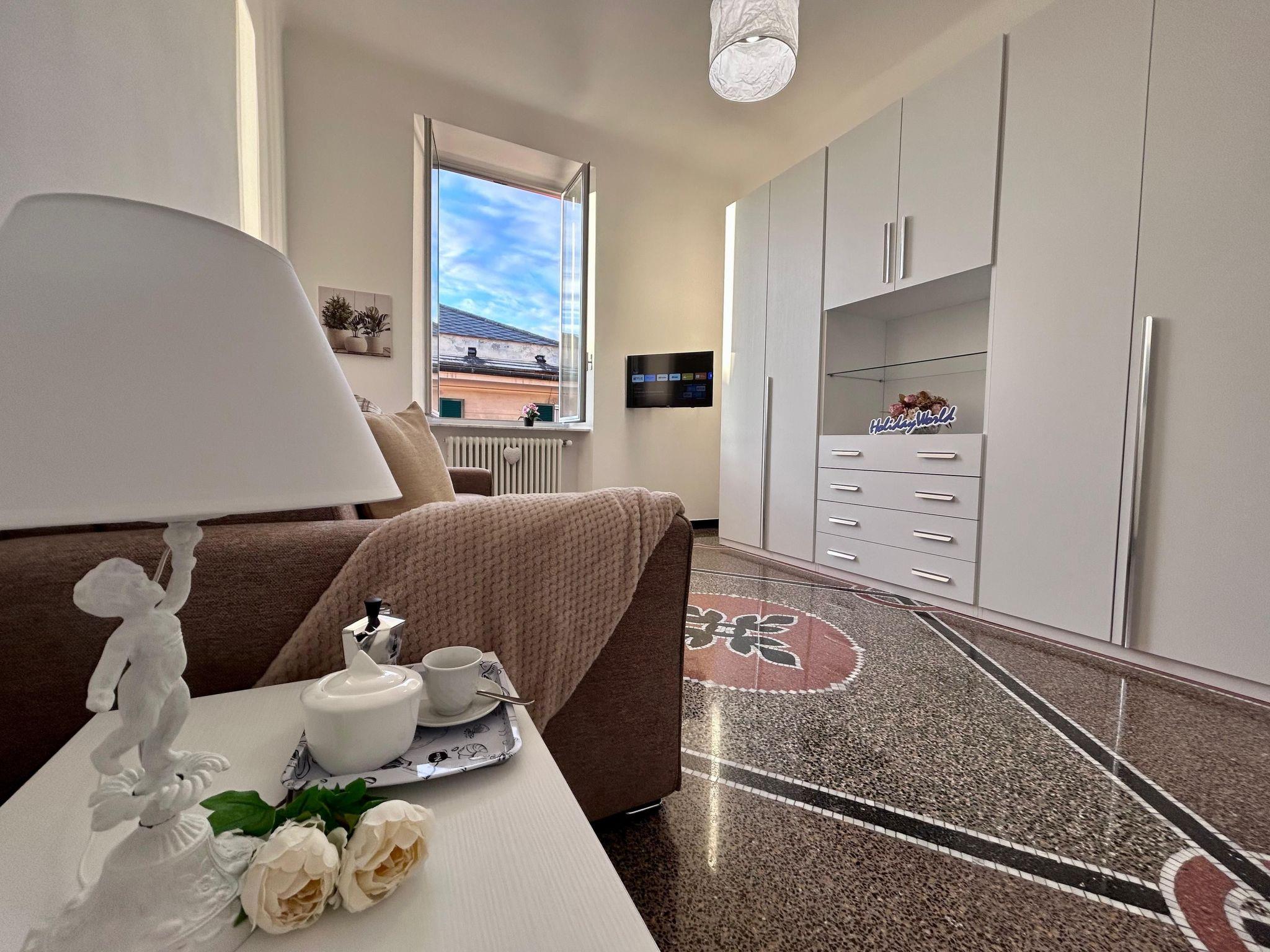 Casa Brighella is a comfortable and cosy accommodation located on the fourth floor of a building in the Sestri Ponente district of Genoa. The flat has a double bedroom, a large, well-lit living room with sofa bed and a bathroom with shower and bidet. The accommodation has every comfort such as Wi-Fi, smart TV, air conditioning and kitchen utensils. The accommodation is well located and easily accessible: it is 4 km from Genoa airport, 300 metres from the train station and 100 metres from shops and restaurants. The proximity to the station also allows those who prefer to travel by train to explore not only Genoa, but also all the wonders of Liguria.
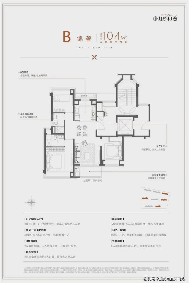 建面约104㎡舒适三房,三开间朝南+动静分区,设计水准颇高。特别是宽景阳台的设置,为客厅配备一幅iMax广角视野,多角度观赏社区美景,适配对品质有需求的首置或首改客户。
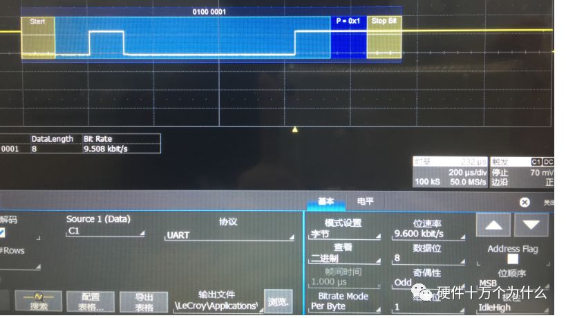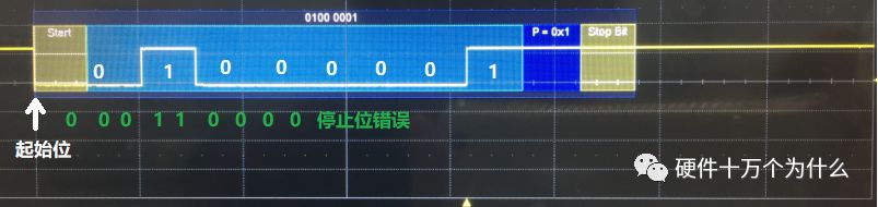 发送方发出9600波特率信号,但是接收方的波特率设置为19200。起始位没有问题,因为能够接收到那个下降沿,低电平。所以,会去解析数据,但是会出现误码。我们在信号上分析一下就知道了:
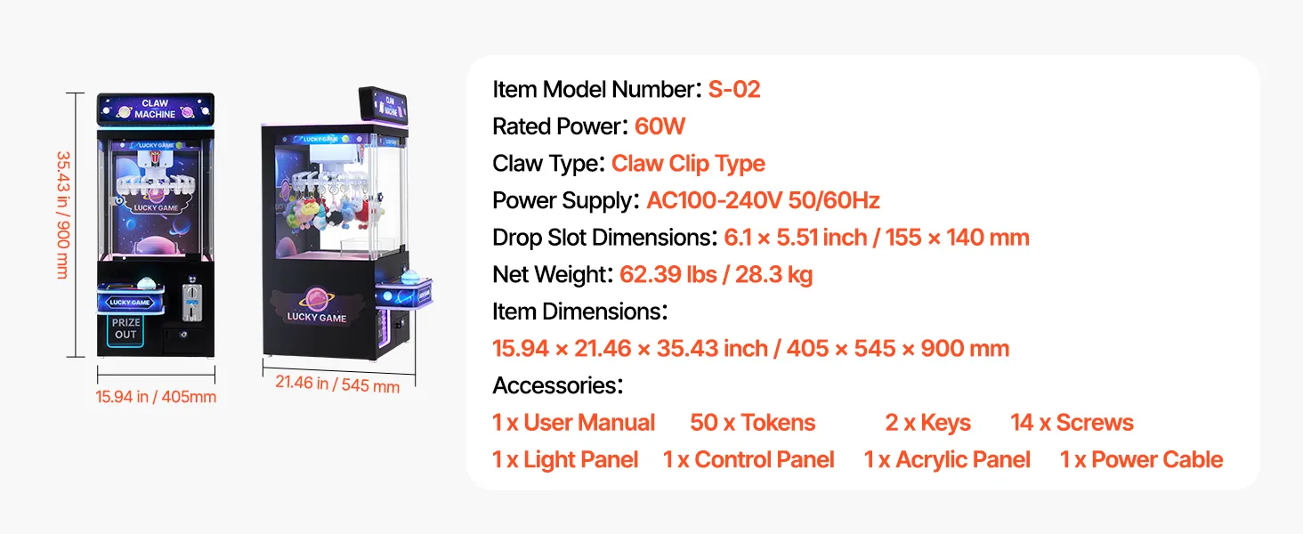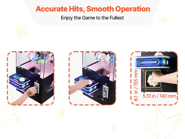Mecánica de juego sencilla e intuitiva: Inserta de 1 a 15 monedas para empezar. La máquina de garras incluye 50 fichas, un joystick preciso y una pantalla nítida, lo que facilita su manejo a jugadores de todas las edades
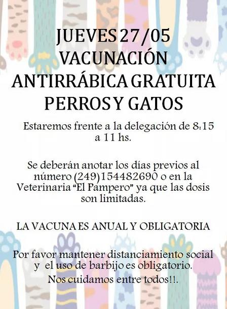 El día jueves, desde las 8.15 hasta las 11.00 horas, frente a la Delegación Municipal, estarán aplicando la vacuna antirrábica gratuita para perros y gatos.
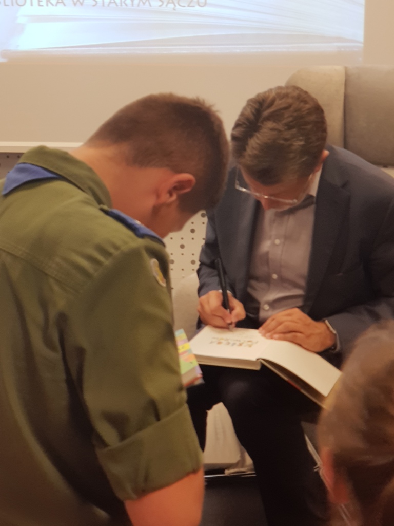 Spotkanie z pracownikiem naukowym Uniwersytetu Jagiellońskiego dr. hab. Michałem Rusinkiem swoją obecnością zaszczycili: Burmistrz Starego Sącza Pan Jacek Lelek – sprawujący honorowy patronat nad projektem edukacyjnym, Pani Ewa Zielińska – przewodnicząca starosądeckiej Rady Miejskiej, Dyrekcja Powiatowej i Miejsko-Gminnej Biblioteki Publicznej im. Wiktora Bazielicha w Starym Sączu oraz Dyrekcja Szkoły Podstawowej nr 1 im. ks. prof. Józefa Tischnera w Starym Sączu.
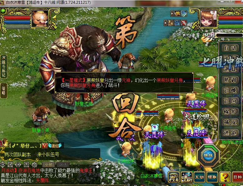 黑熊妖皇的混元金斗伤害依旧如此,一个斗子送走小编一个宠物,战斗日益艰难,但是小编队伍速度配合的好,人物都能尽到自己的作用。
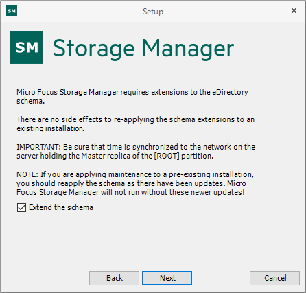 If you plan to manage collaborative storage or auxiliary user storage, extend the eDirectory schema by verifying that the Extend the schema check box is selected and click Next.
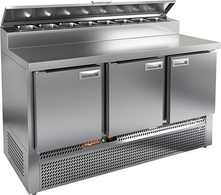 1485х700х850мм, PZE2-111/GN (1/6H) стол для пиццы охл.(+2+10), 3 двери, 1485х700х850мм, глуб.раб.пов. 486мм, ниж.распол.агрегата
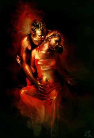 I love these colors! SO GOOD! I don't know if she's pushing him through the window kinda or not but you captured a great moment. Very intense regardless of what i just said. Brilliant! Absolutely love it.
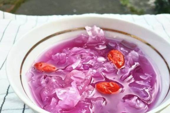 4、将砂锅放在火上,开大火烧开,然后加入准备好的冰糖,开小火继续熬制40分钟左右,将汤汁熬制浓稠,银耳熬制出胶即可,然后放入准备好的枸杞,继续用小火熬制5分钟,关火出锅即可食用,一道暖暖的,甜甜的紫薯银耳汤就做好了,很适合冬天喝。
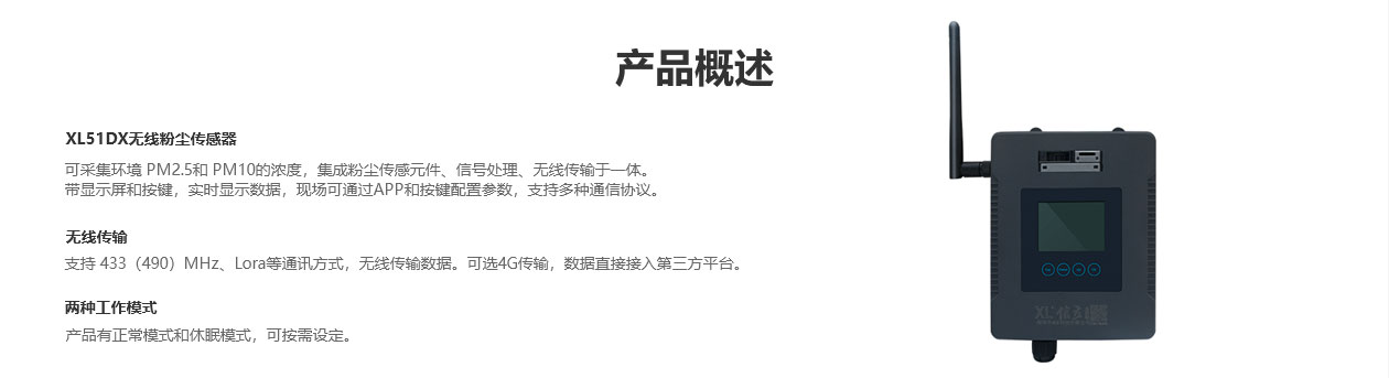XL51DX无线粉尘传感器,采集环境 PM2.5和 PM10的浓度,集成粉尘传感元件、信号处理、无线传输于一体。带显示屏和按键,实时显示数据,现场可通过APP和按键配置参数,支持多种通信协议
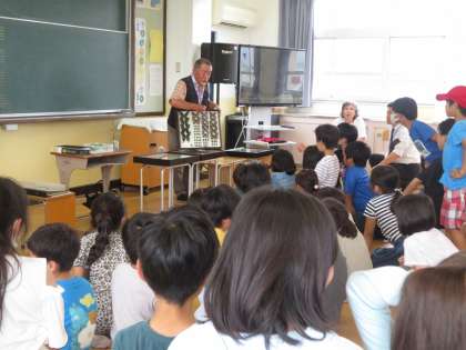 今日は地域の方に来ていただき、チョウや自然のお話をしてもらいました。チョウやガの種類や違いについてクイズをしたり、実際にアゲハチョウの幼虫を触ったりしました。地域の方が作っている標本も持ってきて見せていただき、「すごい!」と大興奮でした。
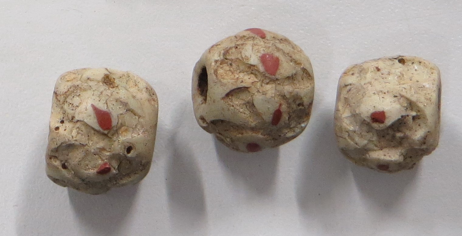 An example of this is seen in a group of Early medieval beads found in several sites across Eastern England (See Figure 6). The white beads were decorated with translucent blue trails and red dots, but because the blue and white glasses are of different COE, the blue trails have dropped out. The red dots remain, which suggests that there was compatibility between the white and red. Calculations from the XRF analysis of the white glass show a COE of up to 106 â indicating a very soft glass which would contract a lot on cooling. The red and blue glass was unfortunately not analysed in the study.
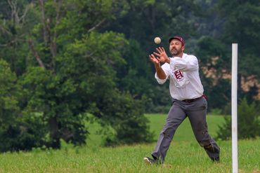 The Keystone Base Ball Club of Harrisburg was originally formed in 2010, as the Mechanicsburg Nine, and and participated in the Mid Atlantic Vintage Base Ball League (MAVBBL) from 2010 through 2018. In 2013, we learned of the existence of the original Keystone Base Ball Club of Harrisburg, a team that played in the late 1860’s, so, in keeping with the guidelines of MAVBBL, we re-branded the club as the Keystone Base Ball Club of Harrisburg (KBBC). Our mission is to provide a healthy, recreational outlet for the club membership, and to provide an enjoyable opportunity for the public to learn the interesting evolution of our national pastime in the years before exorbitant player contracts, manicured fields, performance enhancing drugs, and, yes, even gloves.
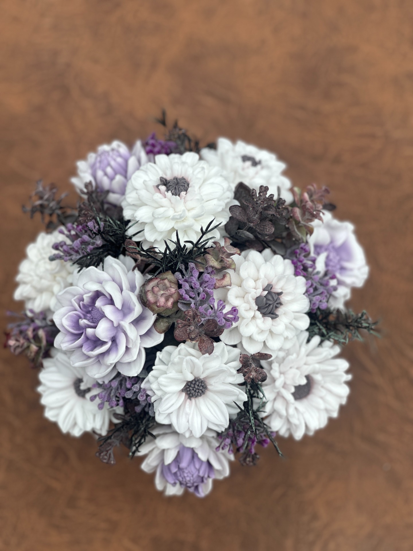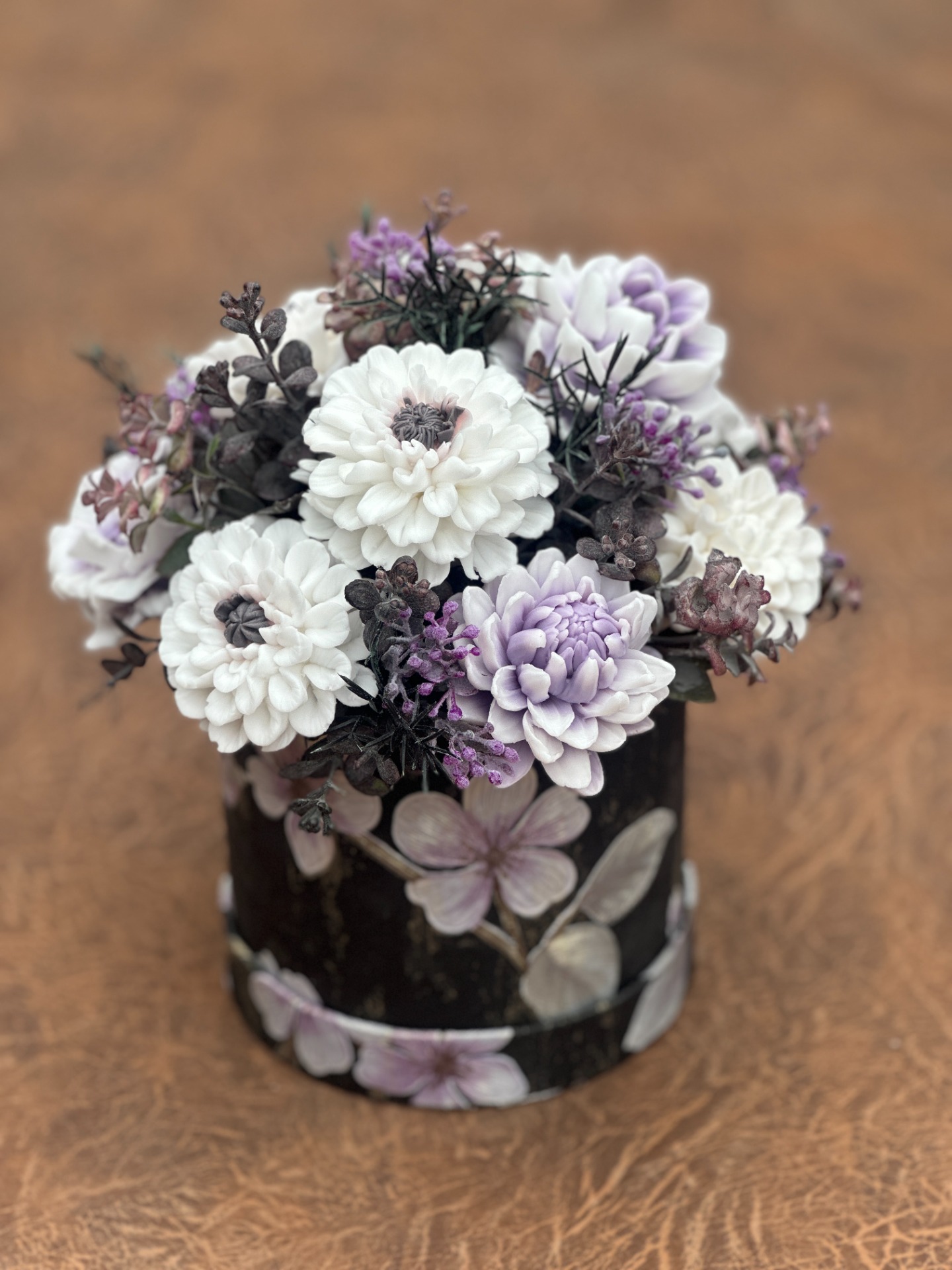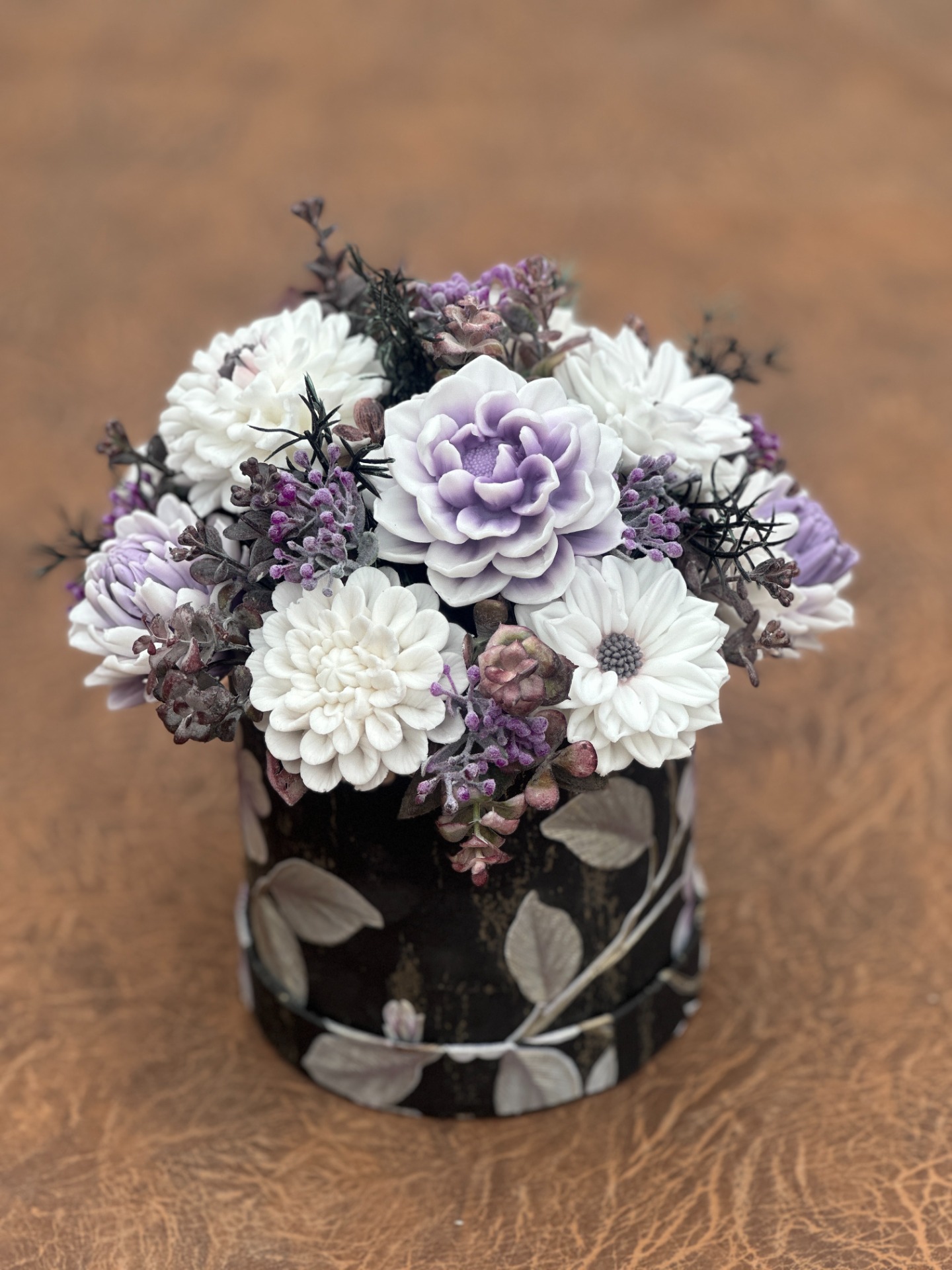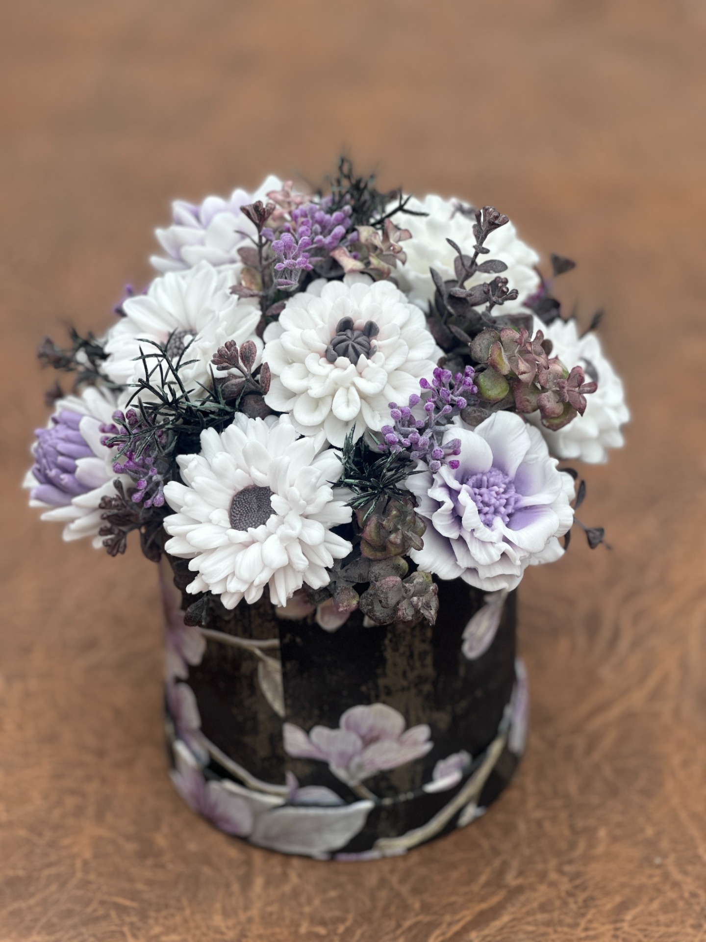 dekorační mýdlová kytice - ručně vyrobené mýdlové květiny s příjemnou květinovou vůní, dodekorováno umělými rostlinami, papírový flower box

★ ★ ★ ★

## ASSIGNMENT:
Repeat the records exactly, without the pictures.

## RESPONSE BOX:
 Casa Brighella is a comfortable and cosy accommodation located on the fourth floor of a building in the Sestri Ponente district of Genoa. The flat has a double bedroom, a large, well-lit living room with sofa bed and a bathroom with shower and bidet. The accommodation has every comfort such as Wi-Fi, smart TV, air conditioning and kitchen utensils. The accommodation is well located and easily accessible: it is 4 km from Genoa airport, 300 metres from the train station and 100 metres from shops and restaurants. The proximity to the station also allows those who prefer to travel by train to explore not only Genoa, but also all the wonders of Liguria.
 建面约104㎡舒适三房,三开间朝南+动静分区,设计水准颇高。特别是宽景阳台的设置,为客厅配备一幅iMax广角视野,多角度观赏社区美景,适配对品质有需求的首置或首改客户。
 发送方发出9600波特率信号,但是接收方的波特率设置为19200。起始位没有问题,因为能够接收到那个下降沿,低电平。所以,会去解析数据,但是会出现误码。我们在信号上分析一下就知道了:
Mecánica de juego sencilla e intuitiva: Inserta de 1 a 15 monedas para empezar. La máquina de garras incluye 50 fichas, un joystick preciso y una pantalla nítida, lo que facilita su manejo a jugadores de todas las edades
 El día jueves, desde las 8.15 hasta las 11.00 horas, frente a la Delegación Municipal, estarán aplicando la vacuna antirrábica gratuita para perros y gatos.
 Spotkanie z pracownikiem naukowym Uniwersytetu Jagiellońskiego dr. hab. Michałem Rusinkiem swoją obecnością zaszczycili: Burmistrz Starego Sącza Pan Jacek Lelek – sprawujący honorowy patronat nad projektem edukacyjnym, Pani Ewa Zielińska – przewodnicząca starosądeckiej Rady Miejskiej, Dyrekcja Powiatowej i Miejsko-Gminnej Biblioteki Publicznej im. Wiktora Bazielicha w Starym Sączu oraz Dyrekcja Szkoły Podstawowej nr 1 im. ks. prof. Józefa Tischnera w Starym Sączu.
 黑熊妖皇的混元金斗伤害依旧如此,一个斗子送走小编一个宠物,战斗日益艰难,但是小编队伍速度配合的好,人物都能尽到自己的作用。
 If you plan to manage collaborative storage or auxiliary user storage, extend the eDirectory schema by verifying that the Extend the schema check box is selected and click Next.
 1485х700х850мм, PZE2-111/GN (1/6H) стол для пиццы охл.(+2+10), 3 двери, 1485х700х850мм, глуб.раб.пов. 486мм, ниж.распол.агрегата
 I love these colors! SO GOOD! I don't know if she's pushing him through the window kinda or not but you captured a great moment. Very intense regardless of what i just said. Brilliant! Absolutely love it.
 4、将砂锅放在火上,开大火烧开,然后加入准备好的冰糖,开小火继续熬制40分钟左右,将汤汁熬制浓稠,银耳熬制出胶即可,然后放入准备好的枸杞,继续用小火熬制5分钟,关火出锅即可食用,一道暖暖的,甜甜的紫薯银耳汤就做好了,很适合冬天喝。
XL51DX无线粉尘传感器,采集环境 PM2.5和 PM10的浓度,集成粉尘传感元件、信号处理、无线传输于一体。带显示屏和按键,实时显示数据,现场可通过APP和按键配置参数,支持多种通信协议
 今日は地域の方に来ていただき、チョウや自然のお話をしてもらいました。チョウやガの種類や違いについてクイズをしたり、実際にアゲハチョウの幼虫を触ったりしました。地域の方が作っている標本も持ってきて見せていただき、「すごい!」と大興奮でした。
 An example of this is seen in a group of Early medieval beads found in several sites across Eastern England (See Figure 6). The white beads were decorated with translucent blue trails and red dots, but because the blue and white glasses are of different COE, the blue trails have dropped out. The red dots remain, which suggests that there was compatibility between the white and red. Calculations from the XRF analysis of the white glass show a COE of up to 106 â indicating a very soft glass which would contract a lot on cooling. The red and blue glass was unfortunately not analysed in the study.
 The Keystone Base Ball Club of Harrisburg was originally formed in 2010, as the Mechanicsburg Nine, and and participated in the Mid Atlantic Vintage Base Ball League (MAVBBL) from 2010 through 2018. In 2013, we learned of the existence of the original Keystone Base Ball Club of Harrisburg, a team that played in the late 1860’s, so, in keeping with the guidelines of MAVBBL, we re-branded the club as the Keystone Base Ball Club of Harrisburg (KBBC). Our mission is to provide a healthy, recreational outlet for the club membership, and to provide an enjoyable opportunity for the public to learn the interesting evolution of our national pastime in the years before exorbitant player contracts, manicured fields, performance enhancing drugs, and, yes, even gloves.
 dekorační mýdlová kytice - ručně vyrobené mýdlové květiny s příjemnou květinovou vůní, dodekorováno umělými rostlinami, papírový flower box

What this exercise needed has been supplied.